Like clam pointed out, Google's customers are the advertisers. "Skooter" is a user. Just like with ad-supported broadcast TV, you're not the customer, you're the product.

The idea is pretty well-expressed there, but I think we can go back further. In 2004, Coding Forums discussed the then-new Gmail, and liorian commented:

From a Google perspective, you're not the customer. The ad service buyer is the customer. You're the commodity. By making you a more attractive commodity, i.e. by making sure to only serve you an ad if you are in the target population for it, they are making the ads pay better for their customers, and they can reap a large part of the difference to their competitors, the other ad services.

This isn't a new idea then, as the analogy to television makes clear. The earliest, most thorough exegesis of this idea I have found is Claire Wolfe's 1999 article Little brother is watching you The Menace of Corporate America which opens with:

Perhaps because you're not the customer any more. You're simply a "resource" to be managed for profit. The customer is someone else now — and usually someone without your best interests at heart.
And has a continuing refrain of “Who is the Customer? Not you”, ending with
Who is the customer? Not you, whose life is reduced to someone else's salable, searchable, investigatable data. The customer is everyone who wishes to own a piece of your life.

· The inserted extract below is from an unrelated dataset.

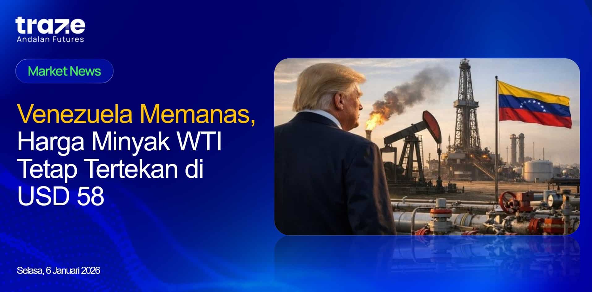 Harga minyak mentah WTI bergerak stabil di kisaran USD 58,2 per barel pada Selasa (06/01), usai sesi perdagangan yang bergejolak sehari sebelumnya dan ditutup menguat 1,7%. Sentimen pasar masih dipengaruhi meningkatnya ketegangan geopolitik yang melibatkan Venezuela, sehingga pelaku pasar mencermati potensi dampaknya terhadap keseimbangan energi global.

The underlying warning is definitely worth thinking about — Maciej Ceglowski eloquently made the case for why you should pay Software Artisans on a recent TummelVision — but the deeper changes to what it means to be a customer matter too. There are other things we take part in without paying or being sold, because we find shared value in them, and the net enables those too.

Saturday 28 January 2012

QR Codes: bad idea or terrible idea?

People have a problem finding your URL. You post a QR Code. Now they have 2 problems. Or more:


  1. They see a chunk of robot barf on your poster, and have to realise it isn't a crossword puzzle, but a QR code.
  2. They need to take a digital photograph of it with their phone. If they have a laptop, even with a camera, this requires physical contortions
  3. They need an application on their phone that can make sense of a QR code.
  4. They need a lot of patience as they fiddle with it.
  5. They need a working network connection to resolve it.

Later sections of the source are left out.